We are seeking a highly skilled and versatile Cloud Data Administrator to join our Data Operations team. Reporting to the Manager, Data Operations, the Cloud Data Administrator plays a key role in the administration and support of our Azure-based data platform, with a particular focus on Databricks, data pipeline orchestration using tools like Azure Data Factory (ADF), and environment management using Unity Catalog.
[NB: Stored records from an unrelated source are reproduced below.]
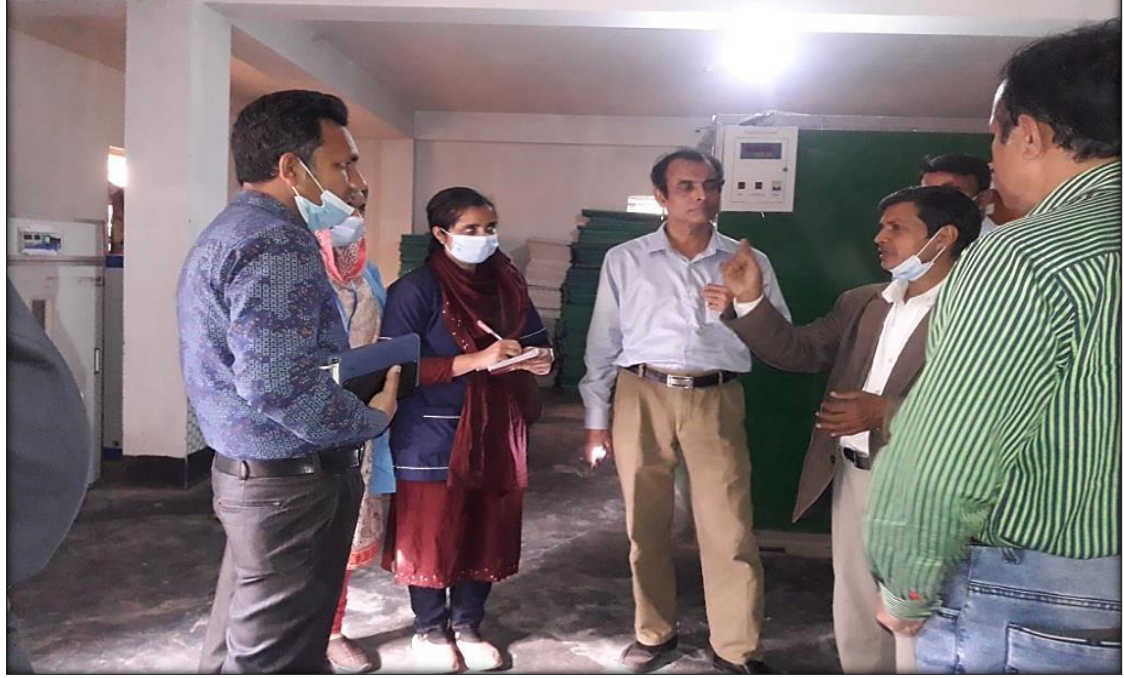
Figure 1: Collecting data through questioning from the farm owner
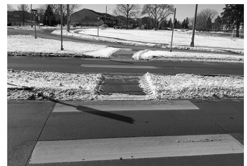
Pedestrian walkway across a median refuge island (left) and roundabout splitter island (right)
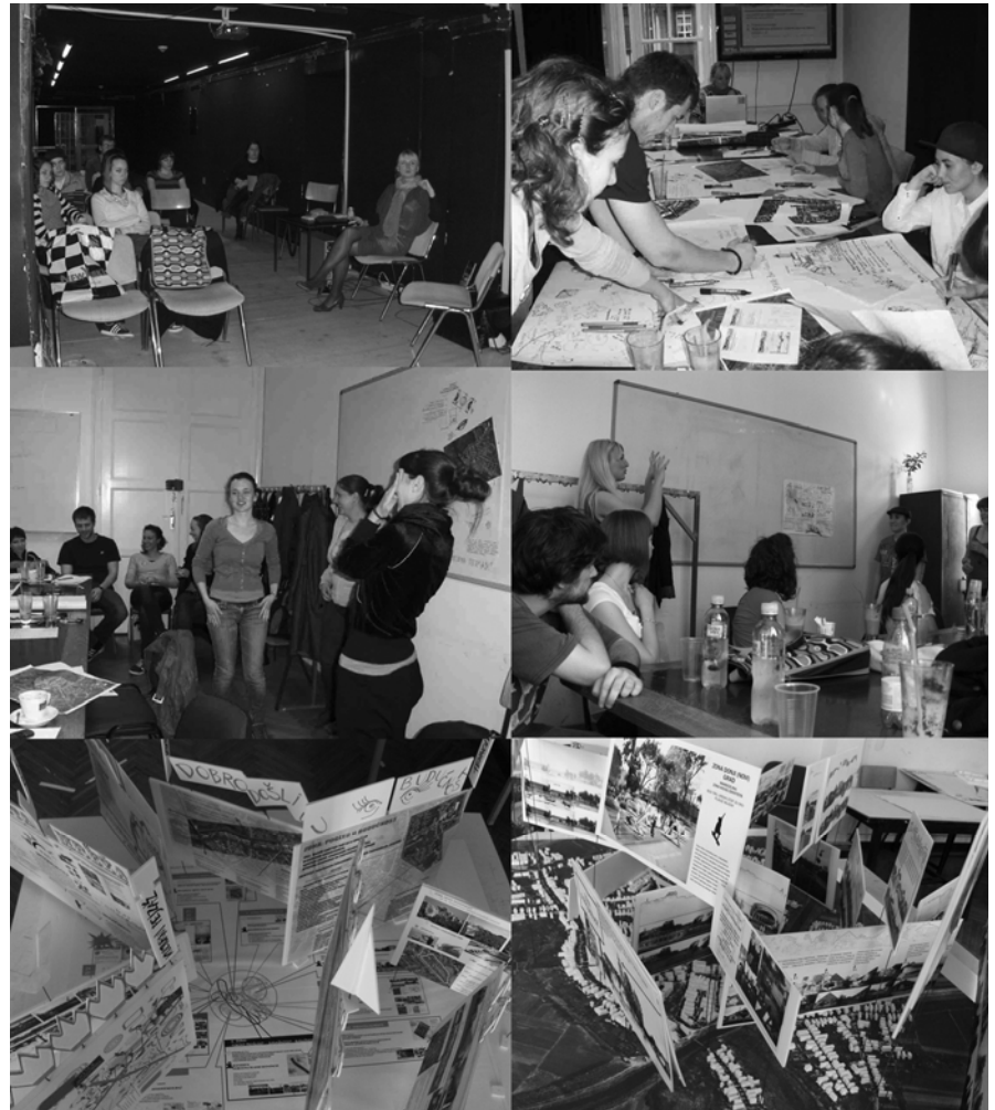
Figure 3: Process of developing soft infrastructure using 'Integrative urban design game.' Photo archive of the 'Workshop: Integrative Urban Design in Urban Regeneration of Bač Settlement, 2011'

However, 92.86% saw a lack of knowledge regarding contemporary approaches to urban design and urban regeneration as the main obstacle for implementation of the method in Bač community. Only a few of them (7.14%) partly believed that resistance to change could be an obstacle. According to previously presented report, I conclude that the method provides development of soft infrastructure.
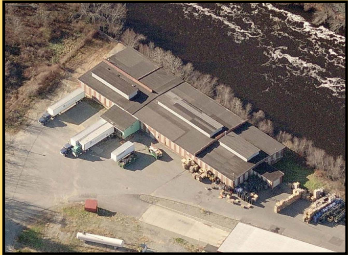
The "West" Building

A strong foundation in data engineering, cloud data administration, and data governance is essential.
This is a full-time role located on-site (no remote) in our Vancouver, BC office.
Responsibilities:Platform Administration and Monitoring:
- Set-up and monitor job pipelines and workflows, troubleshooting failures as necessary to ensure maximum uptime.
- Administer Databricks environments, including user access, clusters, and Unity Catalog for data lineage, governance, and security.
- Support the deployment, scheduling, and monitoring of data workflows and jobs in Databricks and ADF.
- Implement best practices for CI/CD, version control, and operational monitoring for pipeline deployments.
- Implement and manage Delta Lake to ensure reliable, performant, and ACID-compliant data operations.
Security and access management:
- Experience administering secure access to Azure Databricks and related data services using RBAC, managed identities, service principals, and Azure Key Vault
- Understanding of data security, credential management, encryption, secret handling, and least-privilege access principles
- Familiarity with Unity Catalog access controls, data governance, auditing, and compliance best practices
Data Modeling and Integration:
- Design, develop, and optimize scalable data pipelines using Azure Databricks and ADF.
- Collaborate with business and data engineering teams to design data models that support analytics and reporting use cases.
- Support integration of data from multiple sources into the enterprise data lake and data warehouse.
- Configure API calls to utilize our Azure APIM platform.
- Maintain and enhance data quality, structure, and performance within the Lakehouse and warehouse architecture.
Collaboration and Stakeholder Engagement:
- Work cross-functionally with business units, data scientists, BI analysts, and other stakeholders to understand data requirements.
- Translate technical solutions into business-friendly language and deliver clear documentation and training when required.
Required Qualifications:Apache Spark (on Databricks)
- Proficient in PySpark and spark SQL
- Spark optimization techniques (caching, partitioning, broadcast joins)
- Writing and scheduling notebooks/jobs in Databricks
- Understanding of Delta Lake architecture and features
- Working with Databricks Workflows (pipelines and job orchestration)
SQL/Python Programming
- Handling JSON, XML, and other semi-structured formats
- Experience with API integration using requests, http, etc.
- Error handling and logging API Ingestion
- Designing and implementing ingestion pipelines for RESTful API
- Transforming and loading JSON responses to Spark tables
Cloud & Data Platform Skills
- Databricks on Azure
- Cluster configuration and management
- Unity Catalog features (optional but good to have)
Azure Data Factory
- Creating and managing pipelines for orchestration
- Linked services and datasets for ADLS, Databricks, SQL Server
- Parameterized and dynamic ADF pipelines
- Triggering Databricks notebooks from ADF
Data Engineering Foundations
- Data modeling and warehousing concepts
- ETL/ELT design patterns
- Data validation and quality checks
- Working with structured and semi-structured data (JSON, Parquet, Avro)
DevOps & CI/CD
- Git/GitHub for version control
- CI/CD using Azure DevOps or GitHub Actions for Databricks jobs Infrastructure-as-code (Terraform for Databricks or ADF)
Additional Requirements:- Bachelor's degree in computer science, information systems, or a related field.
- 4+ years of experience in cloud data engineering, data platform, or analytics engineering role.
- Familiarity with data governance, security principles, and data quality best practices.
- Excellent analytical thinking and problem-solving skills.
- Strong communication skills and ability to work collaboratively with technical and non-technical stakeholders.
- Microsoft certifications in Azure Data Engineer, Power Platform, or related field is desired
- Experience with Azure APIM is nice to have
- Knowledge of enterprise data architecture and data warehouse principles (e.g., dimensional modeling) an asset
Compensation and Benefits Package:Seaspan's total compensation is based on our pay-for-performance philosophy that rewards team members who deliver on and demonstrate our high-performance culture. The hiring range for this position is $100,000 - $115,000 CAD per annum. The exact base salary offered will be commensurate with the incumbent's experience, job-related skills and knowledge, and internal pay equity.